The Law of God
Wherefore the law is holy, and the commandment holy, and just, and good. Rom. 7:12
Jesus fulfilled the Law, so clearly there is wisdom and knowledge of God to be found by studying the thing which Jesus was sent to fulfill. May God open our eyes to behold the wondrous truths found in the Law which, by the grace of God, was given to Moses on Mount Sinai.
"The law of the Lord is perfect, converting the soul" Ps. 19:7
Jesus said, "Had ye believed Moses, ye would have believed me, for he wrote of me. But if ye believe not his writings, how shall ye believe my words?" Ponder over that for a moment. Jesus has truth for us which he very much desires to give, but to be able to receive the truth, we must prepare to receive it. And according to Jesus, learning and believing the writings of Moses is essential to that preparation. Failure to believe Moses will result in failure to believe the truth when Jesus sends it your way.
These study materials are provided to help you come to an understanding and love of the Law of God that He gave through Moses. It is the same law that is written on our hearts by the Holy Spirit in this New Testament.
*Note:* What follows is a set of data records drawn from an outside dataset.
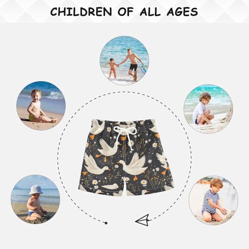 Pigsaly Boys' Swim Board Shorts Camomile Flowers White Geese Ducks Boy's Swim Trunks Kids Swimwear XS 3
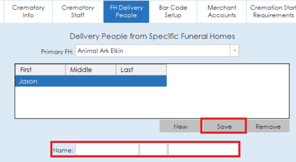 The FH Delivery People settings tab is a settings page that is specific to Phoenix. On this page people can be added to the list of delivery people for each funeral home by entering a name at the bottom of the page and clicking the save button.
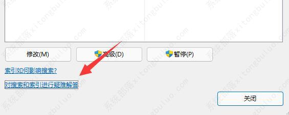 4、打开后,点击左下角的“对搜素和索引进行疑难解答”。
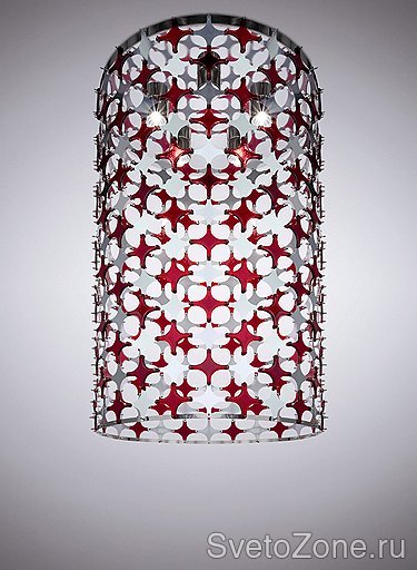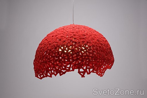 Начали дизайнеры с беспроигрышного красного. Его в светильниках больше всего — в чистом виде или в сочетании с белым. Что неудивительно: красный и его оттенки всегда активно использовались в освещении. Вспомните хотя бы традиционные лампы с абажуром из ткани и бахромой (кстати, его интересно обыграла марка Flos в своей модели Teca: абажур заточили в стеклянный куб и превратили в настольную лампу). Свет от таких ламп получается теплый и уютный, как от заходящего солнца,— то, что надо для гостиной или столовой. Одна из самых эффектных моделей этого жанра — Face to Face испанской марки Almerich. Абажур ее образуется за счет склеивания маленьких полосочек красного фетра. Выглядит лампа немного неуклюже, как будто ее сделали дети на уроке труда, а тень от нее получается ажурная и загадочная.

Much has been said against the Law of God but that is not the attitude of the righteous men of God in the Bible.
Broadcaster
The Law Part 1
by John David Clark, Sr. - March, 1990
The following is the first of a series concerning the Law of Moses. If Jesus fulfilled the Law, then clearly there is wisdom and knowledge of God to be found by studying the thing which Jesus was sent to fulfill. May God open our eyes to behold the wondrous truths found in the Law which, by the grace of God, was given to Moses on Mount Sinai.
"The law of the Lord is perfect, converting the soul" Ps. 19:7
Introduction
Jesus said, "Had ye believed Moses, ye would have believed me, for he wrote of me. But if ye believe not his writings, how shall ye believe my words?" Ponder over that for a moment. Jesus has truth for us which he very much desires to give, but to be able to receive the truth, we must prepare to receive it. And according to Jesus, learning and believing the writings of Moses is essential to that preparation. Failure to believe Moses will result in failure to believe the truth when Jesus sends it your way.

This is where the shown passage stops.